##### Source information #####

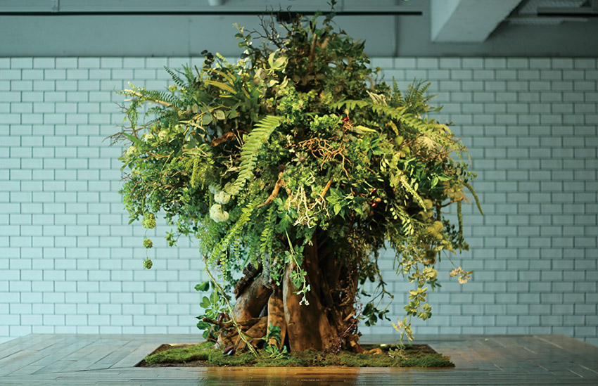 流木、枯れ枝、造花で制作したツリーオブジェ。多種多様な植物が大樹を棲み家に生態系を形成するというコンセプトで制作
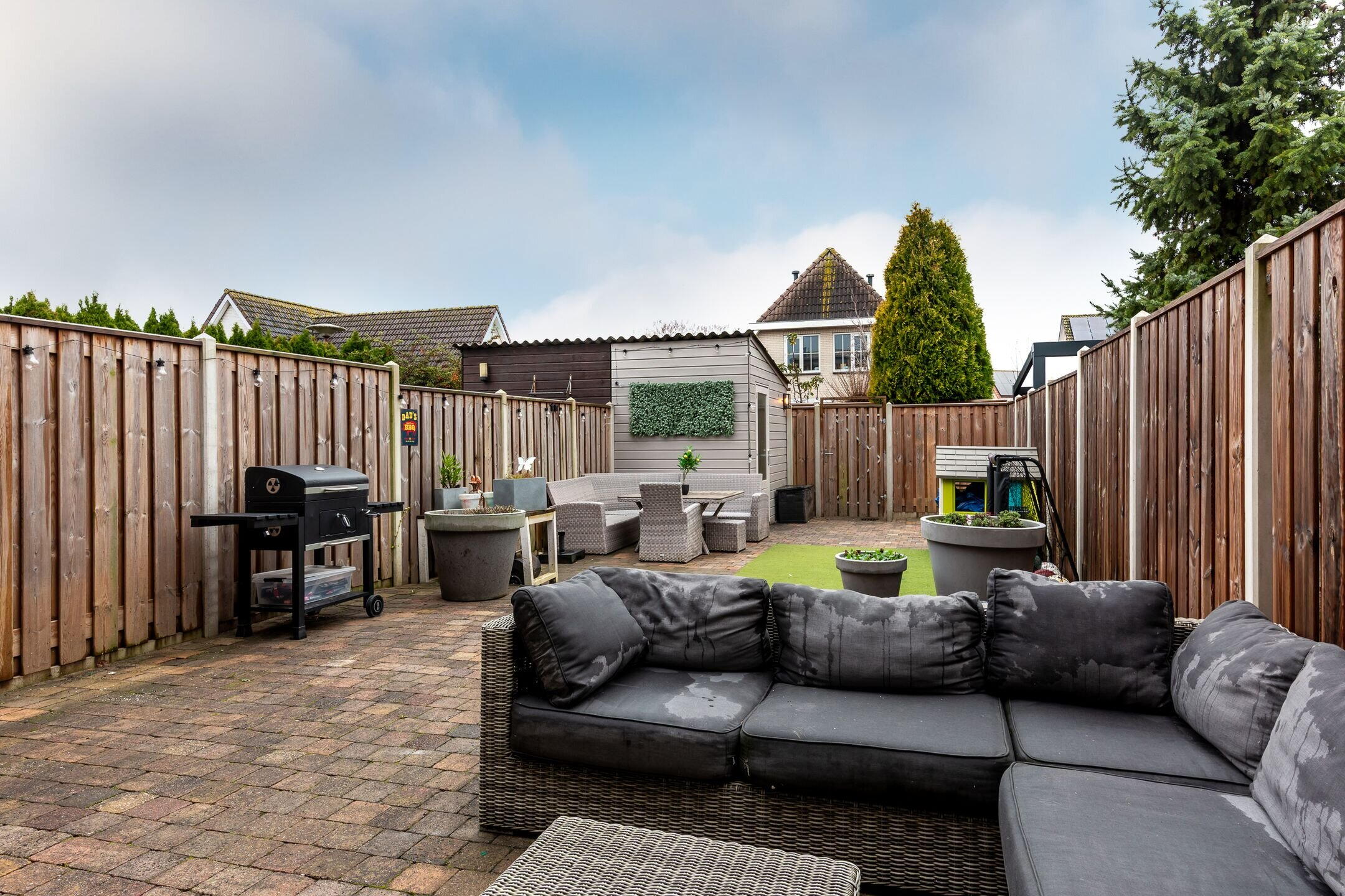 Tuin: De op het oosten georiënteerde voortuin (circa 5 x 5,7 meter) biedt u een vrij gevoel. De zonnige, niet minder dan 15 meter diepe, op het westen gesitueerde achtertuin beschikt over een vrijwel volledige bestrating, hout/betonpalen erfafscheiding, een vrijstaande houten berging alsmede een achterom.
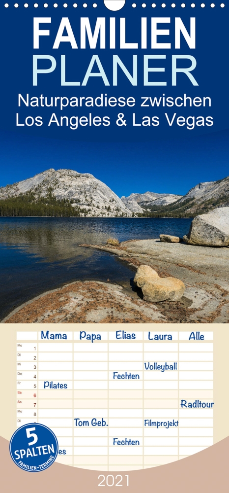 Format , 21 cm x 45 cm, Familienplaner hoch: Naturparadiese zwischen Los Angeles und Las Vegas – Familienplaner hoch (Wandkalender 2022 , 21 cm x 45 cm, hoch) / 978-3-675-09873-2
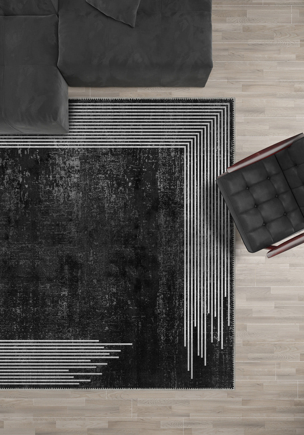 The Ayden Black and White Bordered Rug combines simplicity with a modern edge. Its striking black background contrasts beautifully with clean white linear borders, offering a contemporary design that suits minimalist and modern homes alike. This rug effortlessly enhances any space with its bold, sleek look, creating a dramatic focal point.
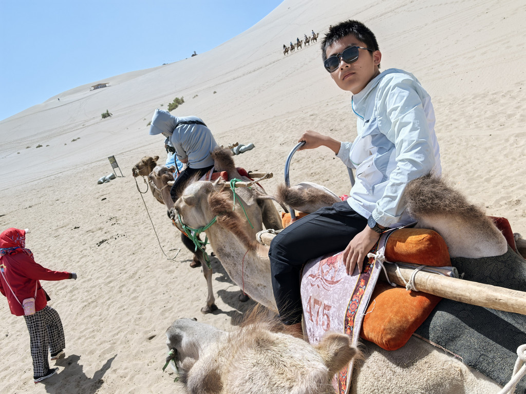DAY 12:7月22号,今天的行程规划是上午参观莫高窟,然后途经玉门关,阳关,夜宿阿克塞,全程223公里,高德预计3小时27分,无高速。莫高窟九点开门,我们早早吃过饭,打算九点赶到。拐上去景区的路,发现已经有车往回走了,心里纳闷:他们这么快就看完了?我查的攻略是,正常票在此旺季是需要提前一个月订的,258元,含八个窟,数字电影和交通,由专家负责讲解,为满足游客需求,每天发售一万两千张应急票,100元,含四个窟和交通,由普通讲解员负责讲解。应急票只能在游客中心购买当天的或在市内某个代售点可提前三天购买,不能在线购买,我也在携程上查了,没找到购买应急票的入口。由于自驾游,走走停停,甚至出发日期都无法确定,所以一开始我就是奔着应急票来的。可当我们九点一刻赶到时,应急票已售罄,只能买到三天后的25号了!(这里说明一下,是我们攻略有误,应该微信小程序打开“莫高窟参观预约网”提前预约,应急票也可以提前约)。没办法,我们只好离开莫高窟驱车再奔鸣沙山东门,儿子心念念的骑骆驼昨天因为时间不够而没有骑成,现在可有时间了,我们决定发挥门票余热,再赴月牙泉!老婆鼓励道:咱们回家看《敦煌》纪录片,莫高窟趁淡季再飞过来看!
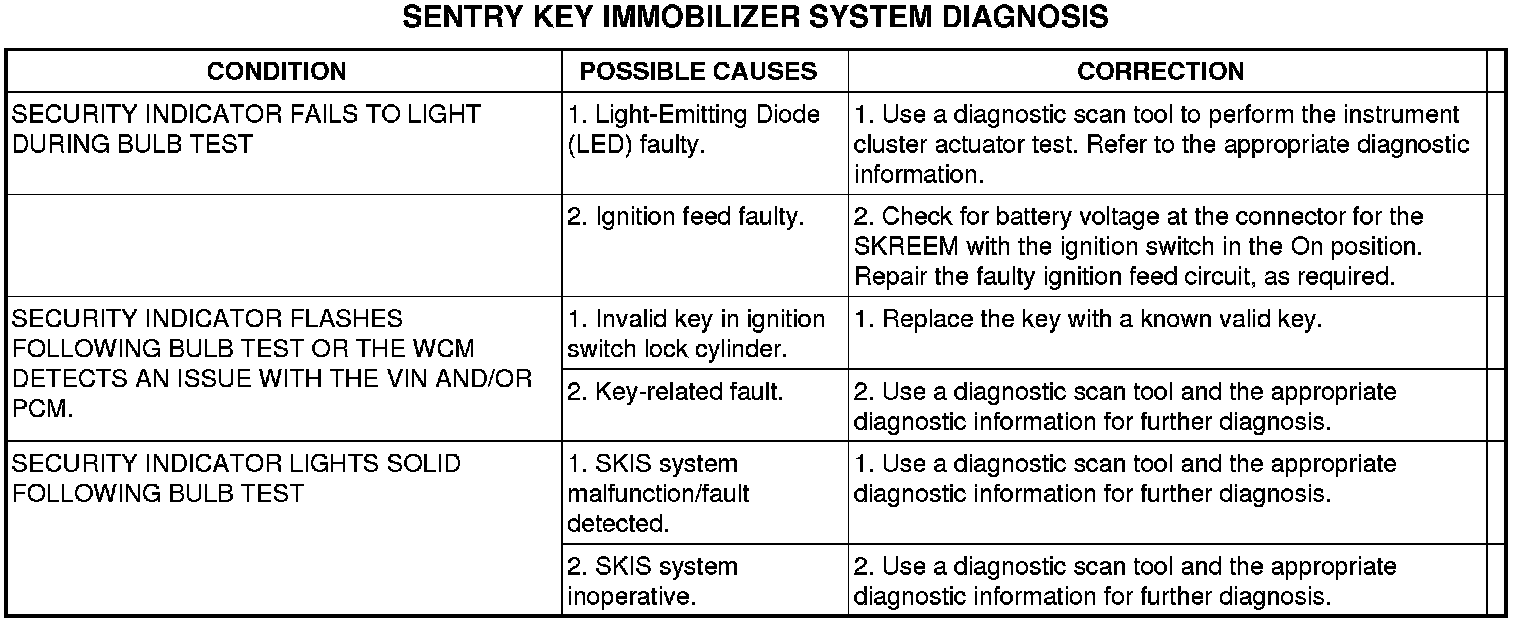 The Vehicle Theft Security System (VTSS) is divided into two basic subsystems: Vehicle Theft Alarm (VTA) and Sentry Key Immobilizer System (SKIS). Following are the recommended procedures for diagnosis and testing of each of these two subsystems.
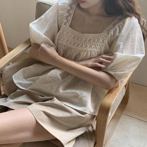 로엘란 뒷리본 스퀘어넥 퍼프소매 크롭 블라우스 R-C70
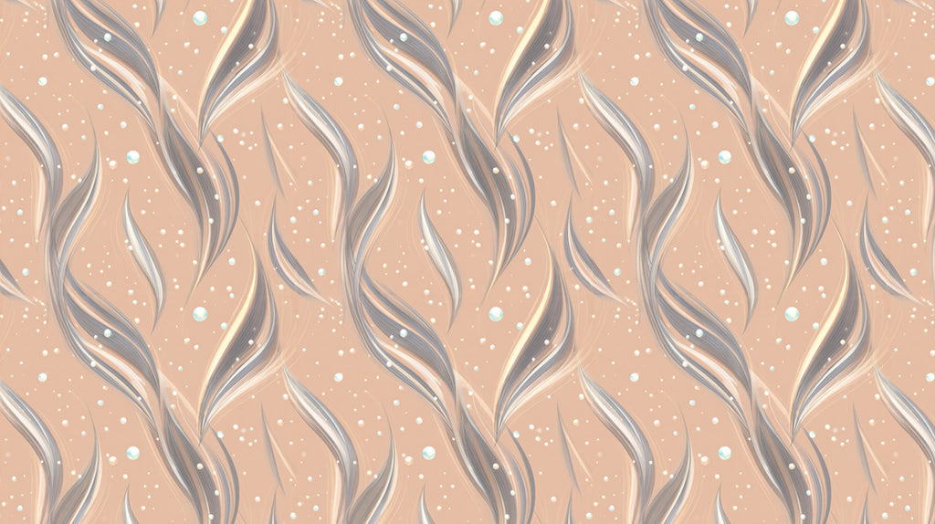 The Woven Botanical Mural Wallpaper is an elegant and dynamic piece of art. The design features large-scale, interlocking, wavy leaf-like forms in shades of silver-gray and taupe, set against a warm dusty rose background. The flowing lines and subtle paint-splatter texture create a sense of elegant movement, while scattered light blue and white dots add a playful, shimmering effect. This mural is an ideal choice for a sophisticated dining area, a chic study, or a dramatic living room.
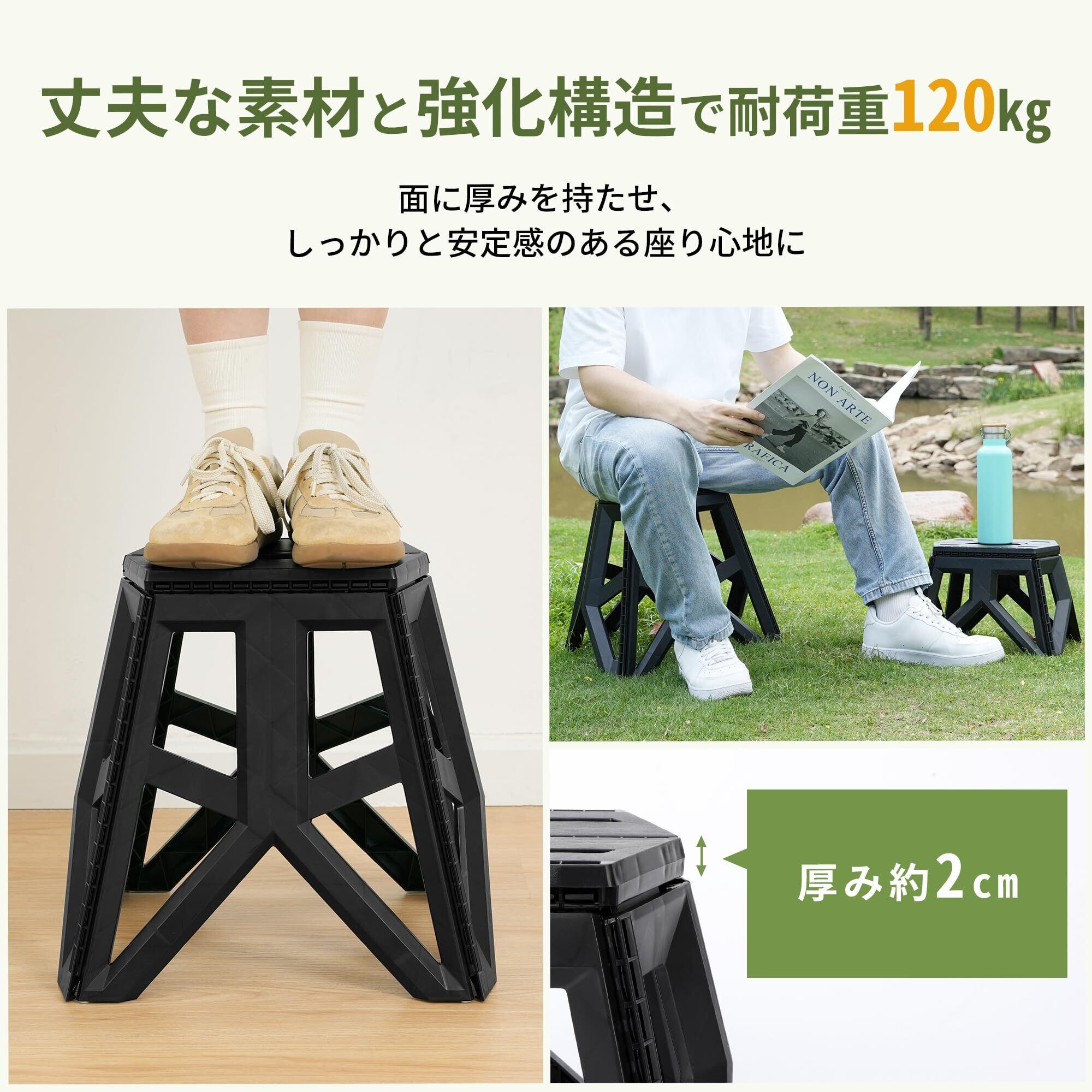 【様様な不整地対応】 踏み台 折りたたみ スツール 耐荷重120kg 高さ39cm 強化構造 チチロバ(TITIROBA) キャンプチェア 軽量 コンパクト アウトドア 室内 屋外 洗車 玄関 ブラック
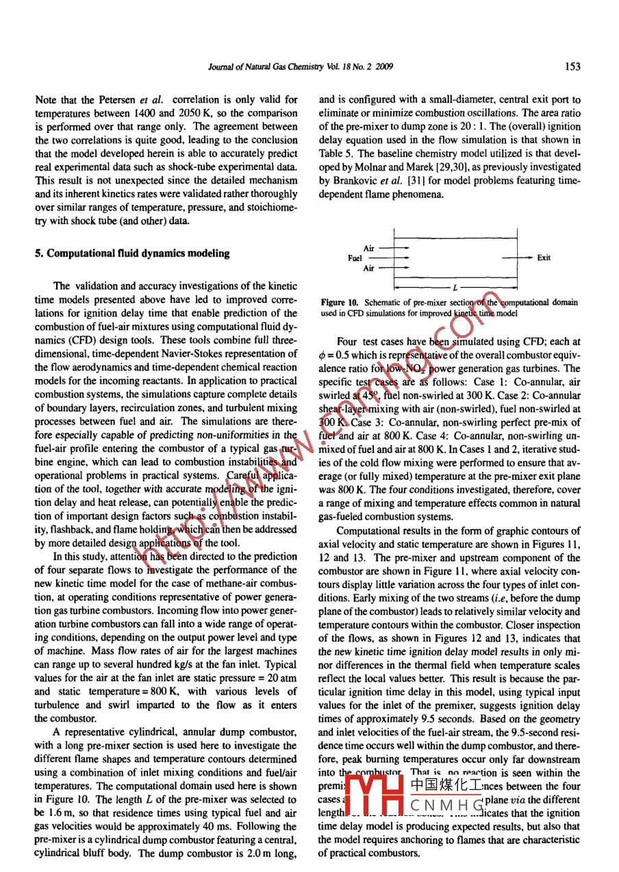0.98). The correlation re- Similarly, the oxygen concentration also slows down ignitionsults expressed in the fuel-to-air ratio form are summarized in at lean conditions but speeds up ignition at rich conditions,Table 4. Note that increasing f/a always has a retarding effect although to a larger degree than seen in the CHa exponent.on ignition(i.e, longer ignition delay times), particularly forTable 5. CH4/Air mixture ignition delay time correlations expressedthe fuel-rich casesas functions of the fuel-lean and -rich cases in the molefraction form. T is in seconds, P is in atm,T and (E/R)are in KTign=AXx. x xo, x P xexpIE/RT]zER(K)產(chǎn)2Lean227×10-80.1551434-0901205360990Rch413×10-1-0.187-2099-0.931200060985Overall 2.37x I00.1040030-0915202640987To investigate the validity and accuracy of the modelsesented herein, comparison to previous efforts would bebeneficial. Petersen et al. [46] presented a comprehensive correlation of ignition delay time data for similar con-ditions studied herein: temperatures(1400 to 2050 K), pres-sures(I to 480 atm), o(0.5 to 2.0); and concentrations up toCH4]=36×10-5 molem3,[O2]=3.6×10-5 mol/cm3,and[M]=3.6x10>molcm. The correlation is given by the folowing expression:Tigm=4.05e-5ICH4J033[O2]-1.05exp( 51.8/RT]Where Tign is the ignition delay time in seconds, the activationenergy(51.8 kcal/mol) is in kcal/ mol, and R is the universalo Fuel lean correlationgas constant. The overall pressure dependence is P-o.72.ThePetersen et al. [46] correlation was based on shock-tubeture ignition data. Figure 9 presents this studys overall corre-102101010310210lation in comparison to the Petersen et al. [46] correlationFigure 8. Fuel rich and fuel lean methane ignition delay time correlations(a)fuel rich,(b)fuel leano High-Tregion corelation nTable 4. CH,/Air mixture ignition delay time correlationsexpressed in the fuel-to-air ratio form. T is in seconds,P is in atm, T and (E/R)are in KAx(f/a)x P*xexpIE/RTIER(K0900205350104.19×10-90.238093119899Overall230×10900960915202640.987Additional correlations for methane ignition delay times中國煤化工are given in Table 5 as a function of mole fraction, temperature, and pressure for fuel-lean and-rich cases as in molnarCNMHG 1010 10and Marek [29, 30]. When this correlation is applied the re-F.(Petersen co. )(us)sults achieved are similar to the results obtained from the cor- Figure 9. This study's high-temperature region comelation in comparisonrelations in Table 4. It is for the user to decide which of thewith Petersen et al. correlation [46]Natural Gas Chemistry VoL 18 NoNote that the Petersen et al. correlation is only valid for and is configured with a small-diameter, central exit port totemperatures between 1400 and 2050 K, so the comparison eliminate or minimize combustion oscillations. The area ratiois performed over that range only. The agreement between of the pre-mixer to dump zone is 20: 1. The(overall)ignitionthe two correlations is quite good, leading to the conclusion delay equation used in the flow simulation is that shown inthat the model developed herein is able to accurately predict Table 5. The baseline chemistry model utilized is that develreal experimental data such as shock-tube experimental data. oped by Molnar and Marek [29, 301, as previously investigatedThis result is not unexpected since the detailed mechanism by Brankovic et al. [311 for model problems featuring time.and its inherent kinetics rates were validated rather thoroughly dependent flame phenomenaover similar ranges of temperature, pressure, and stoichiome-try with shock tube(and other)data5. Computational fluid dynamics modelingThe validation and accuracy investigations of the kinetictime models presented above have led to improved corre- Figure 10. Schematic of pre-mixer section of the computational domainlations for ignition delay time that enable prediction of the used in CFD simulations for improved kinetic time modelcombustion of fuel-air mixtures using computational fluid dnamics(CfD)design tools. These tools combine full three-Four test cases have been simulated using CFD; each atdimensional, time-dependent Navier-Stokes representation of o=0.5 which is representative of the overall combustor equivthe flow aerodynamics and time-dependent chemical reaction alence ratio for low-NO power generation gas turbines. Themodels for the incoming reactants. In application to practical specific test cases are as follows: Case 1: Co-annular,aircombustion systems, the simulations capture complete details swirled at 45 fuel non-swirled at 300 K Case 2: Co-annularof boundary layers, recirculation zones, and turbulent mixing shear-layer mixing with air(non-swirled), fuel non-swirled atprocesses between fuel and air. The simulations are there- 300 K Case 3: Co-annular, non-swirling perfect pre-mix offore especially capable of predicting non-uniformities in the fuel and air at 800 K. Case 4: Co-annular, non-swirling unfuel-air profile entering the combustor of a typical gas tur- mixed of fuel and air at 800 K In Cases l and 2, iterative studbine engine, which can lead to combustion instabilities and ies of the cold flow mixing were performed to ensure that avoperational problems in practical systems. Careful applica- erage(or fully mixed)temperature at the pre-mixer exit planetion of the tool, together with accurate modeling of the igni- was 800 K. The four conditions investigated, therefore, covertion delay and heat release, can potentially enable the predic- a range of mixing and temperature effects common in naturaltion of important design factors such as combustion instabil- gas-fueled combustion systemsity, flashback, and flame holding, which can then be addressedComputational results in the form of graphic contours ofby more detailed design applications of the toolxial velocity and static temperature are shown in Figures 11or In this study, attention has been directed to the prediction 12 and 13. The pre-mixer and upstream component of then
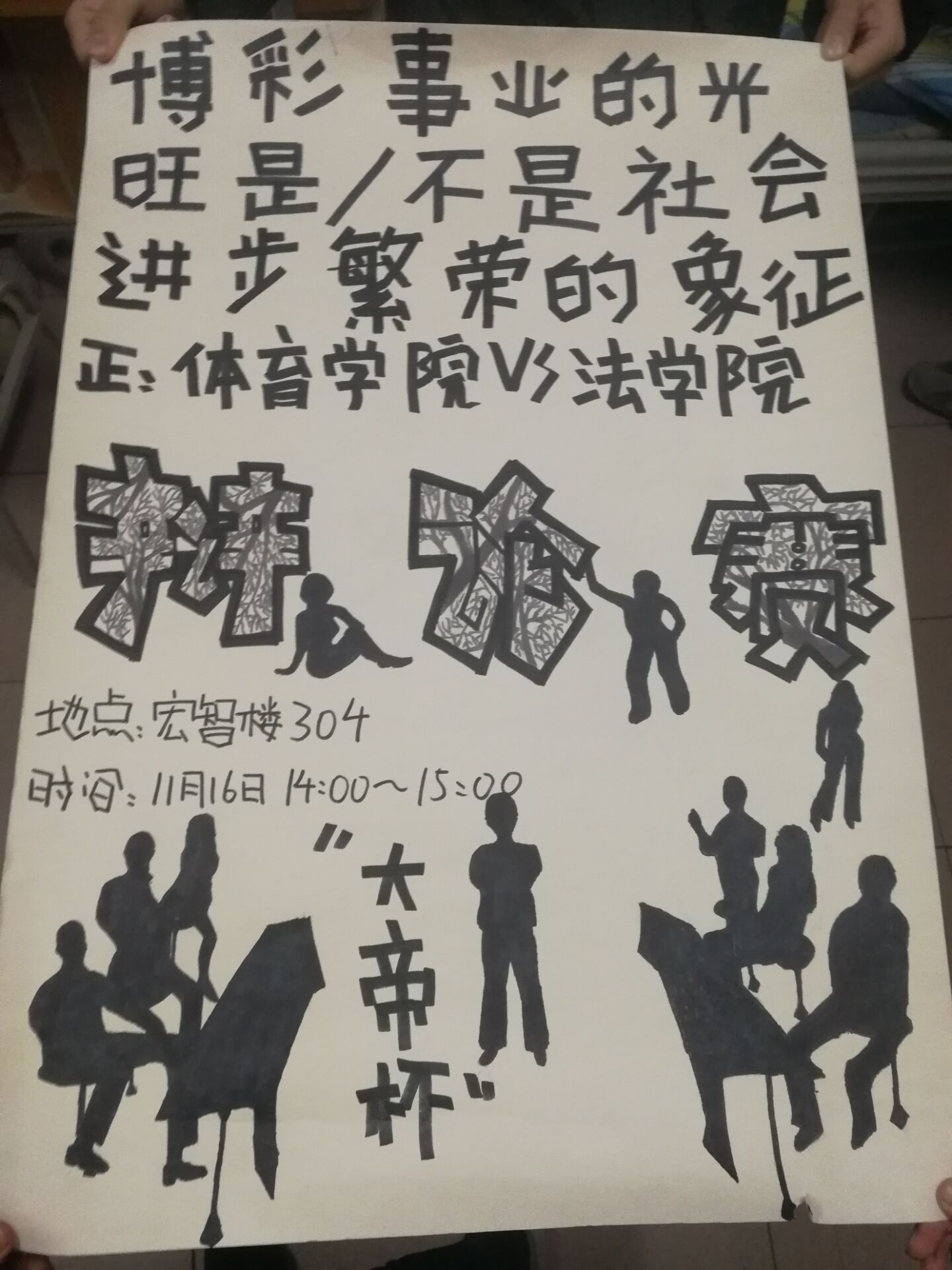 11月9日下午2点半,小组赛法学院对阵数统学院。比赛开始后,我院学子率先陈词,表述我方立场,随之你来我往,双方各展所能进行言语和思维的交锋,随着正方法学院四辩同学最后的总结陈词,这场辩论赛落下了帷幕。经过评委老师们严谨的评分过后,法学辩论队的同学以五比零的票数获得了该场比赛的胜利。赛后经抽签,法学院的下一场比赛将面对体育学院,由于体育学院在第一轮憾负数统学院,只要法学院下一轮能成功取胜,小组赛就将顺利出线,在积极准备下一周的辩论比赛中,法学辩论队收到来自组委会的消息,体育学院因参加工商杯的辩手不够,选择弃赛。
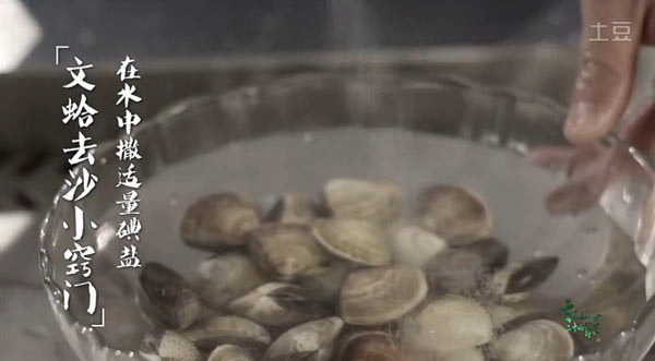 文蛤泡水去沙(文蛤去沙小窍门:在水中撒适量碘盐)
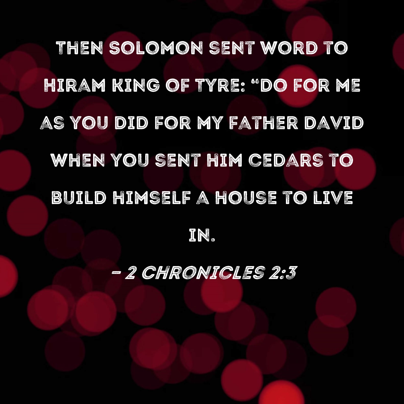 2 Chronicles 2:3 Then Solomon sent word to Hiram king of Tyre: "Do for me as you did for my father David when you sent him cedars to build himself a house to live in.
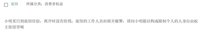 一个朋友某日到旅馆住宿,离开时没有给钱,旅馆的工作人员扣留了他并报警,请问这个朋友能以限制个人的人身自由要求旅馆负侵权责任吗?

#####

[Your instructions]
If a line falls between the first line of the records above and the line containing "The Ayden Black", inclusive, retype it exactly; leave pictures out.

[Written reply]
 流木、枯れ枝、造花で制作したツリーオブジェ。多種多様な植物が大樹を棲み家に生態系を形成するというコンセプトで制作
 Tuin: De op het oosten georiënteerde voortuin (circa 5 x 5,7 meter) biedt u een vrij gevoel. De zonnige, niet minder dan 15 meter diepe, op het westen gesitueerde achtertuin beschikt over een vrijwel volledige bestrating, hout/betonpalen erfafscheiding, een vrijstaande houten berging alsmede een achterom.
 Format , 21 cm x 45 cm, Familienplaner hoch: Naturparadiese zwischen Los Angeles und Las Vegas – Familienplaner hoch (Wandkalender 2022 , 21 cm x 45 cm, hoch) / 978-3-675-09873-2
 The Ayden Black and White Bordered Rug combines simplicity with a modern edge. Its striking black background contrasts beautifully with clean white linear borders, offering a contemporary design that suits minimalist and modern homes alike. This rug effortlessly enhances any space with its bold, sleek look, creating a dramatic focal point.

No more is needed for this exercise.